Gifted, erratic and incredibly powerful, Cream were probably the most important band to emerge from London's mid 60's R&B scene. Faced with a peer group of brilliant guitarists including Jimmy Page, Jeff Beck, Peter Green & Jimi Hendrix, a host of other world-class musicians such as Rod Stewart, John Mayall, John McVie & Steve Winwood, and a huge number of other less well known but equally gifted back-up players - all touring the same small club circuit night after night - Cream exploded into this scene in mid 1966 as a group deliberately conceived, as their name implied, to be "the best".
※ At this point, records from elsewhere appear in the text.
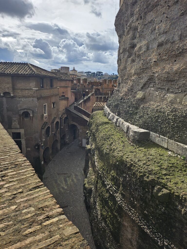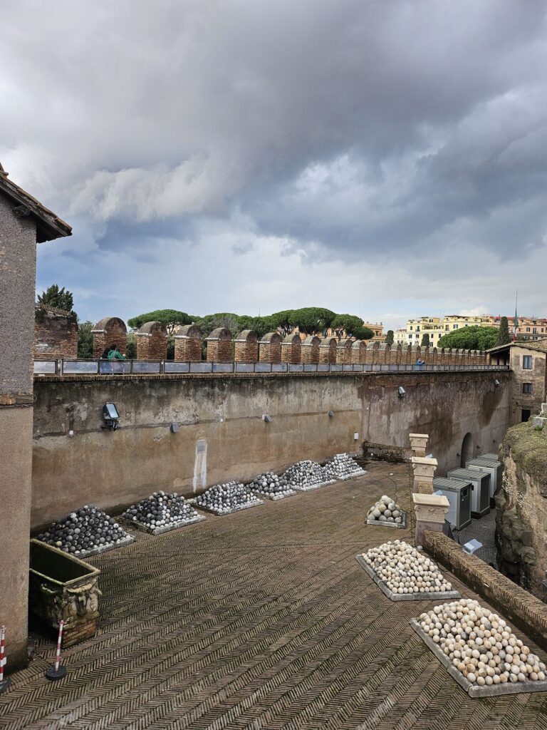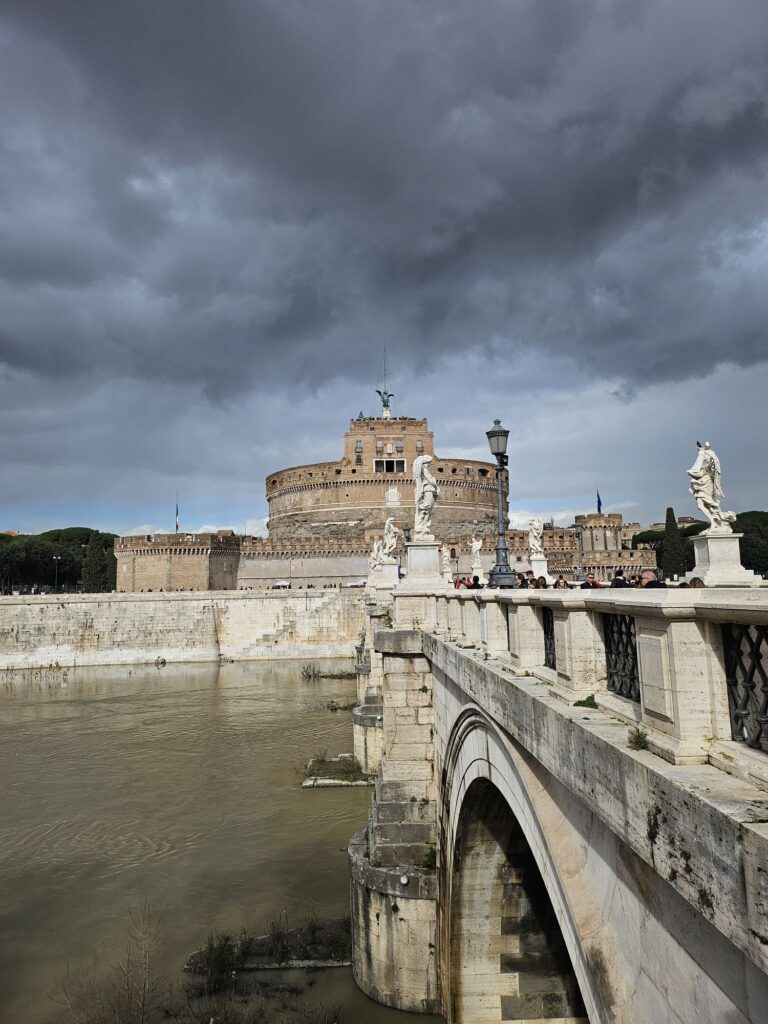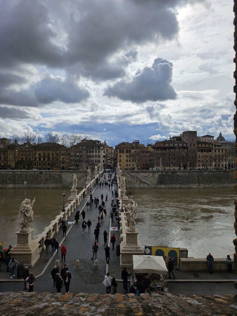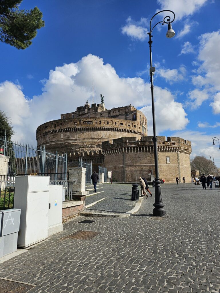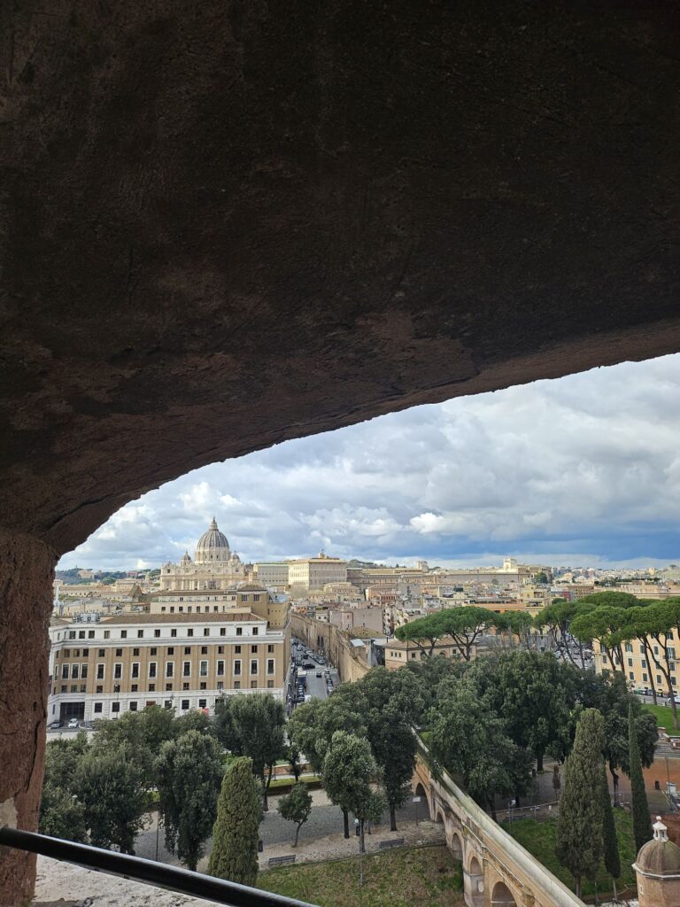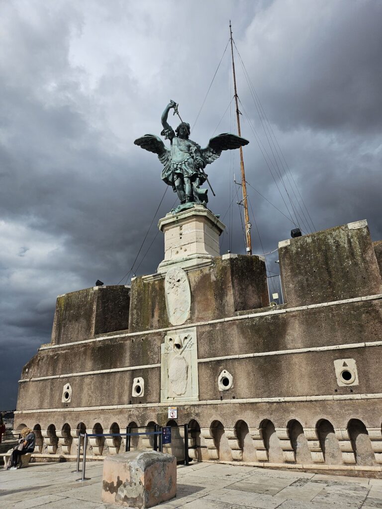 また階とエレベーターで降りてサンタンジェロ城へ向かいます。ローマ法王がいざというときにバチカンから逃げるお城です。
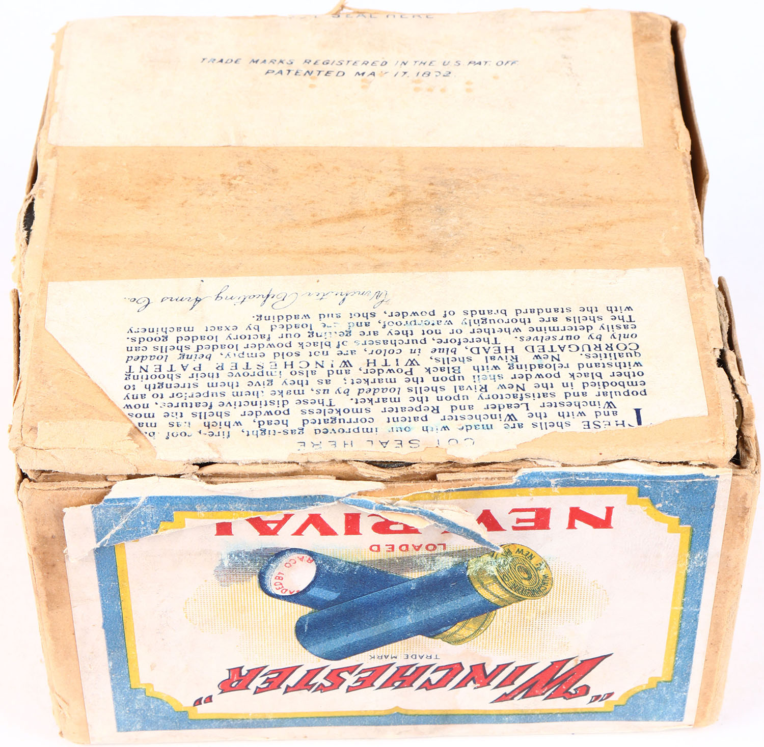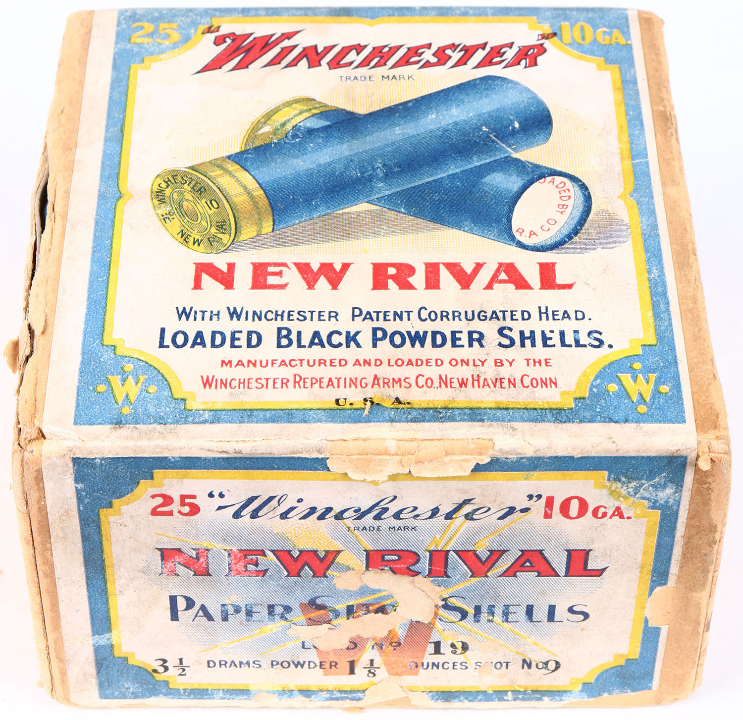 Winchester, NEW RIVAL, 10 GAUGE, 2pc., Full, Shot Size 9, buff box with multi-colored label that pictures the two crossed shells, loaded BLACK POWDER shells, Box has seam splits, scuffing on side with nice colors, Shells are very good. Grade: Excellent - Value: 80 to 250
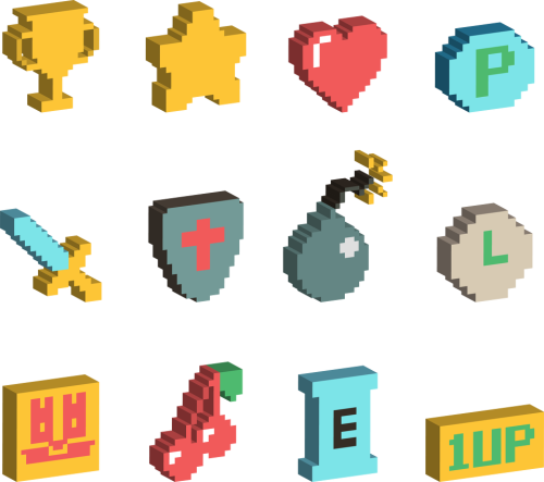 Zestaw ikon inspirowanych starą grafiką i stylem retro Pixel Art. Idealne na każdą okazje lub aby sprawić sobie nostalgiczny prezent.
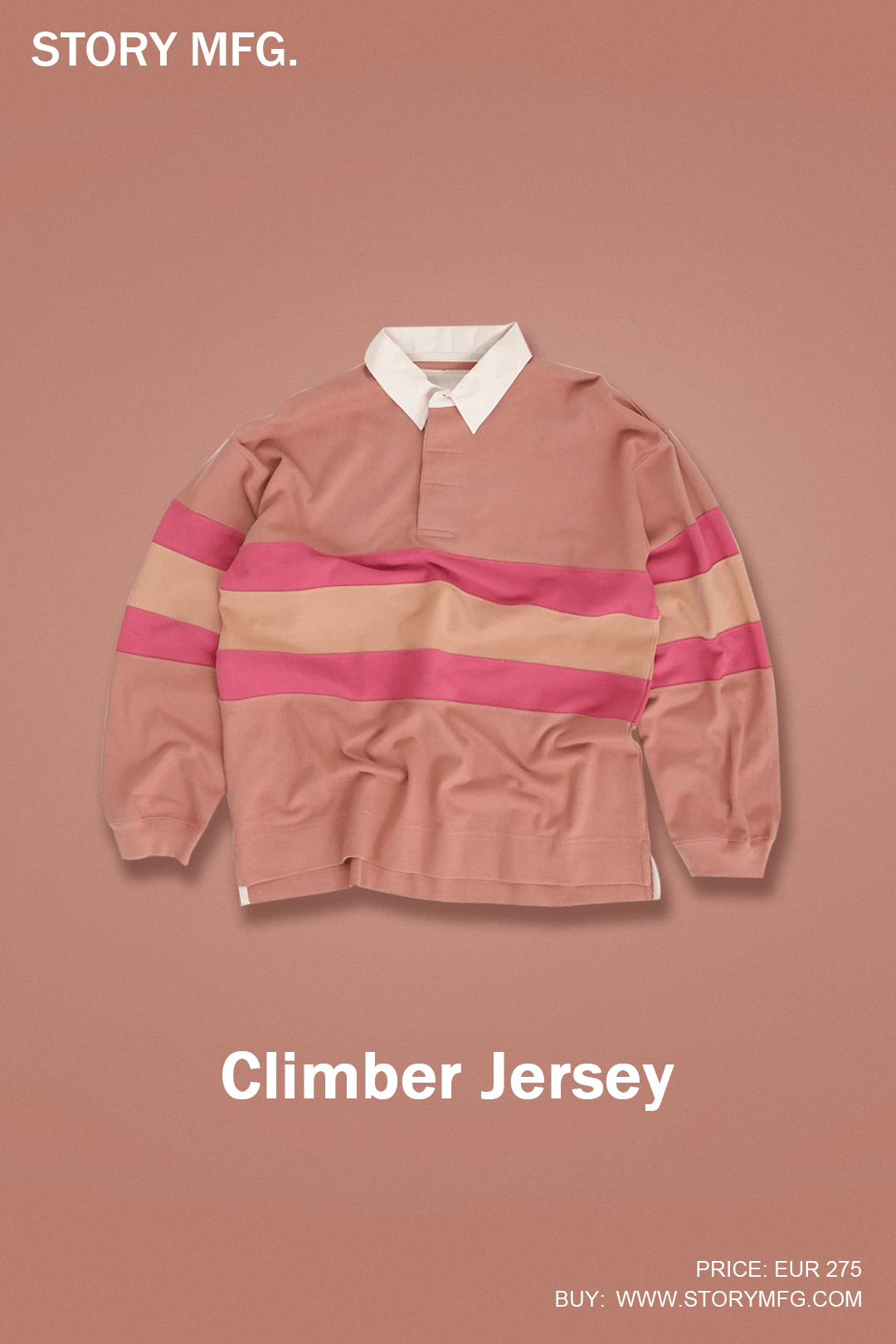 延续 STORY mfg. 一贯的设计美学,这件 Climber Jersey 运用了生态友好的植物染色工艺,呈现出颇具自然光泽感的细腻粉调,如此抢眼的配色直接满足你春夏季节的造型需求。
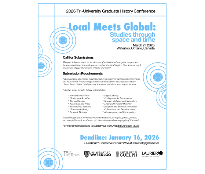The organizing committee for the 2026 Tri-University History conference invites your submissions to present at this year's conference, Saturday, March 21, 2026, at the Balsillie School of International Affairs. Submission deadline is THIS FRIDAY January 16, 2026.

To understand how good they were you had to see them live during the short period in which their lofty ambition came close to fruition. They were... "the best" and, after stamping their authority in the UK, they switched to the USA to blow their home-grown competition off stage. Imploding in well documented strife by mid 1968, those who saw them during this brief period were privileged indeed. For those who didn't there's little on offer. The group's recordings are at best a shadow of what they were live, with the few real gems spread across their four albums - "Fresh Cream" (a fair encapsulation of where they were in mid 1966); "Disraeli Gears" (a studio album with a couple of real highlights and much mediocre stuffing); "Goodbye" (even more so) and, "Wheels of Fire" (probably the closest you'll get). The subsequently released live albums add little more.
But... one track says it all. "Crossroads": possibly the best interaction of three musicians at the peak of their powers ever committed to tape. Eric Clapton's breathtaking guitar solos are matched, virtually note for note, by Jack Bruce's brilliant "lead guitar" bass lines and Ginger Baker's power drumming. Live, because it had to be to capture it. As DJ John Peel said after playing this track on its first UK broadcast: "now tell me they're human". It's here, surrounded by some of their best recorded music, and it's priceless!